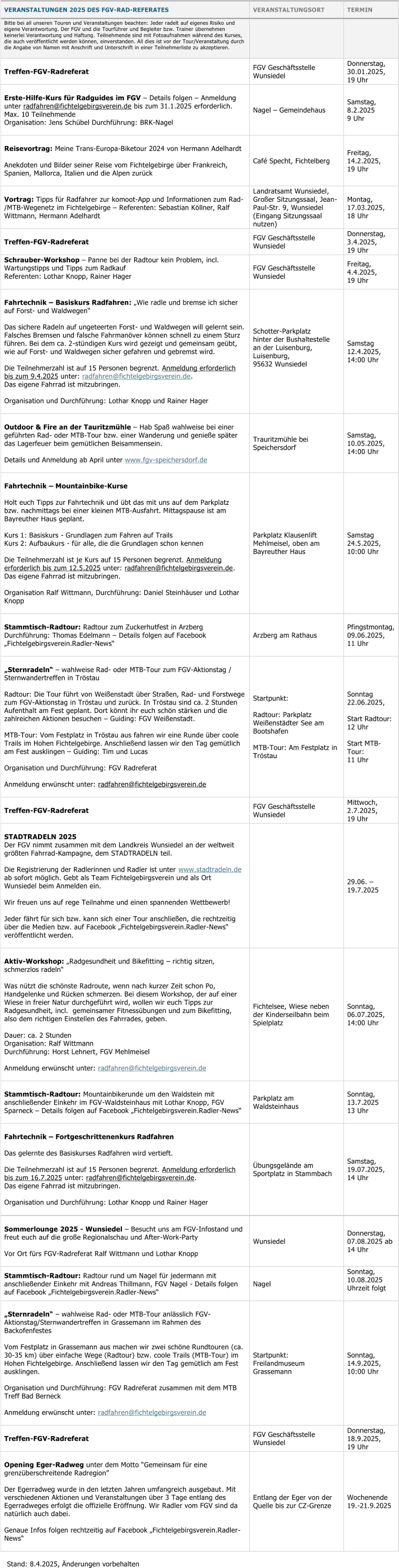 Willkommen im Bereich Radfahren des Fichtelgebirgsvereins Radfahren wird immer beliebter. Auch im FGV gibt es seit vielen Jahren diverse Radangebote, die über unsere Ortsvereine angeboten werden. Dieses Angebot bauen wir auch stetig aus, weshalb wir derzeit im Hauptverein ein Referat Radfahren aufbauen. Alle Interessierten können da gerne mitmachen. Hier wollen wir Euch/Ihnen nun zeigen, was Ihr mit dem FGV alles Schönes per Rad erleben könnt.
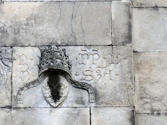 | Keywords: Relief on Pieve di Sant Andrea (Sarzana, Italy) pope.jpg en Relief on a wall of the church Sant Andrea in Sarzana Liguria Italy in memory of the pope Nicolaus V born in this town The inscription N PP V D SZA means Niccolo V Papa V di Sarzana fr Relief sur un mur de l'église Sant Andrea à Sarzana Ligurie Italie dédié au pape Nicolas V né dans cette ville L'inscription N PP V D SZA signifie Niccolo V Papa V di Sarzana sf 2016-06-16 Tangopaso 44 112928 9 961008 heading ESE Exteriors of Pieve di Sant'Andrea Sarzana Nicolaus V Reliefs in Liguria |
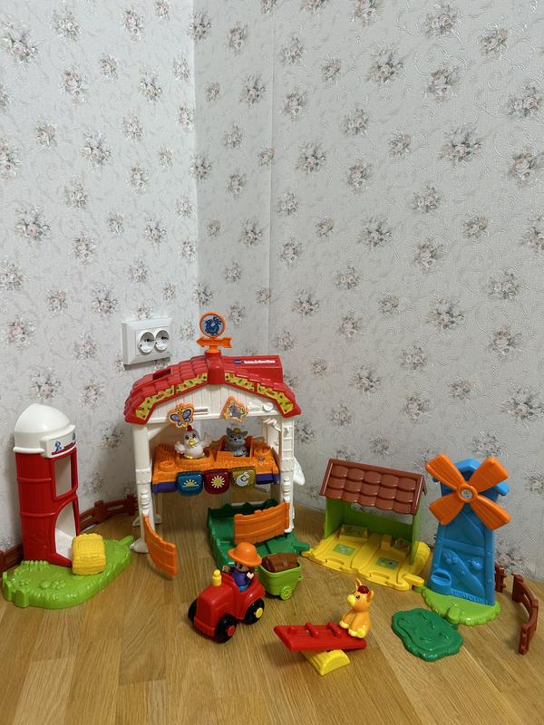 Набір Ферма, відомої фірми vtech, стан ідеал, тільки десь загубилася коровка (враховано в ціну), є коробка, без потертостей, тріщин, дитина майже не гралася, не було цікаво. Грає пісеньки, видає звуки тварин, англійська мова. У наборі йде трактор з причепом, гойдалка, фігурки тваринок та будівлі які можуть бути як з’єднані так і окремо. Дуже цікава інтерактивна іграшка для діток маленьких та старших
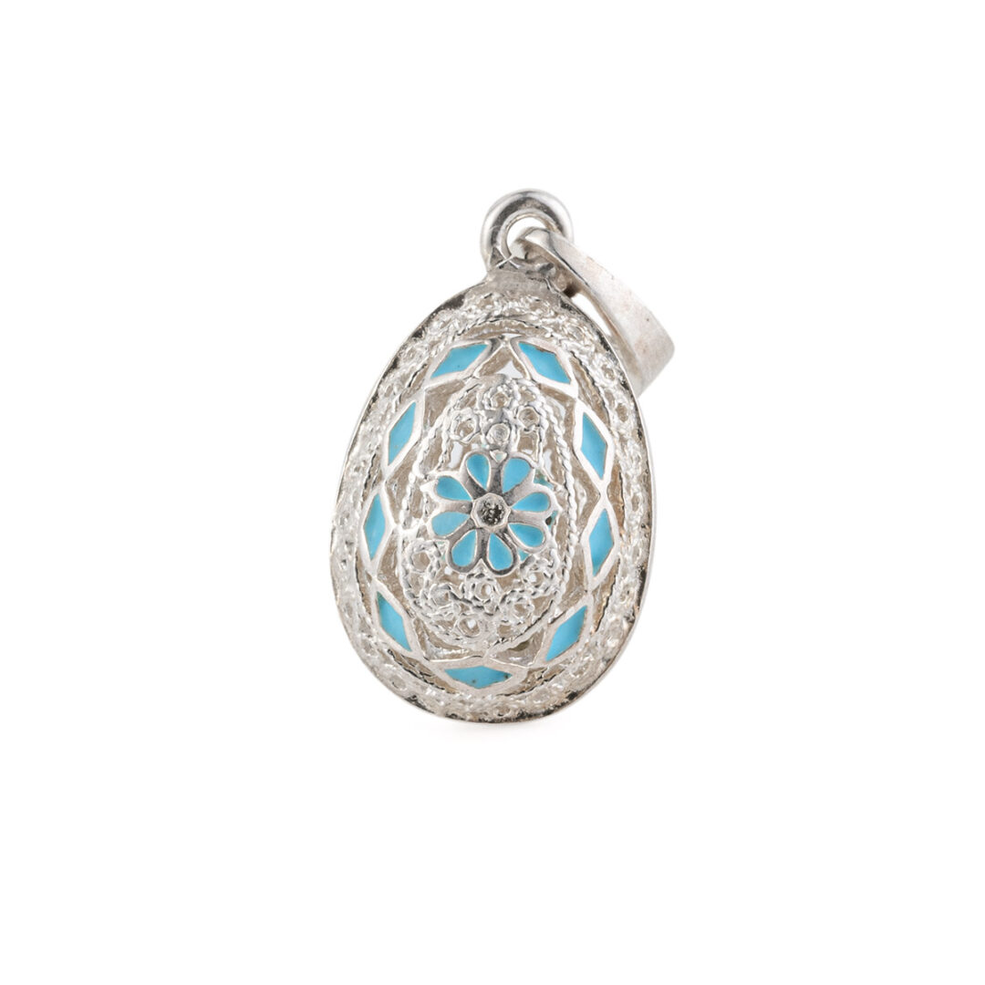 The pendant is embellished with a fine filigree and enamel in Faberge style.
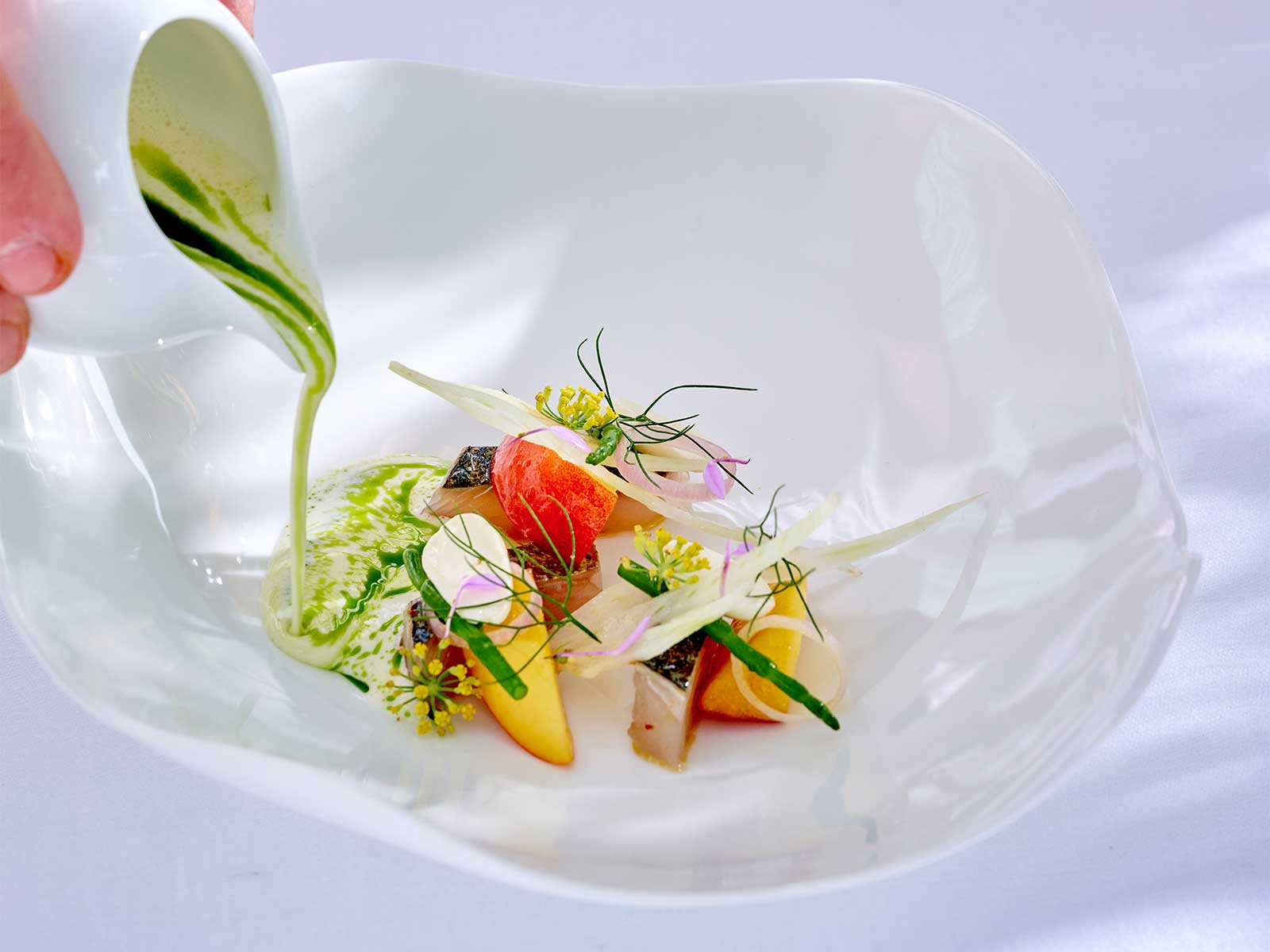 Hélène Darroze travaille avant tout avec instinct et émotion afin de proposer une cuisine d’auteur fidèle à sa sensibilité.

## What you will do
Could you reproduce the records above exactly, leaving out every picture?

## Exercise result
 Willkommen im Bereich Radfahren des Fichtelgebirgsvereins Radfahren wird immer beliebter. Auch im FGV gibt es seit vielen Jahren diverse Radangebote, die über unsere Ortsvereine angeboten werden. Dieses Angebot bauen wir auch stetig aus, weshalb wir derzeit im Hauptverein ein Referat Radfahren aufbauen. Alle Interessierten können da gerne mitmachen. Hier wollen wir Euch/Ihnen nun zeigen, was Ihr mit dem FGV alles Schönes per Rad erleben könnt.
 | Keywords: Relief on Pieve di Sant Andrea (Sarzana, Italy) pope.jpg en Relief on a wall of the church Sant Andrea in Sarzana Liguria Italy in memory of the pope Nicolaus V born in this town The inscription N PP V D SZA means Niccolo V Papa V di Sarzana fr Relief sur un mur de l'église Sant Andrea à Sarzana Ligurie Italie dédié au pape Nicolas V né dans cette ville L'inscription N PP V D SZA signifie Niccolo V Papa V di Sarzana sf 2016-06-16 Tangopaso 44 112928 9 961008 heading ESE Exteriors of Pieve di Sant'Andrea Sarzana Nicolaus V Reliefs in Liguria |
 Набір Ферма, відомої фірми vtech, стан ідеал, тільки десь загубилася коровка (враховано в ціну), є коробка, без потертостей, тріщин, дитина майже не гралася, не було цікаво. Грає пісеньки, видає звуки тварин, англійська мова. У наборі йде трактор з причепом, гойдалка, фігурки тваринок та будівлі які можуть бути як з’єднані так і окремо. Дуже цікава інтерактивна іграшка для діток маленьких та старших
 The pendant is embellished with a fine filigree and enamel in Faberge style.
 Hélène Darroze travaille avant tout avec instinct et émotion afin de proposer une cuisine d’auteur fidèle à sa sensibilité.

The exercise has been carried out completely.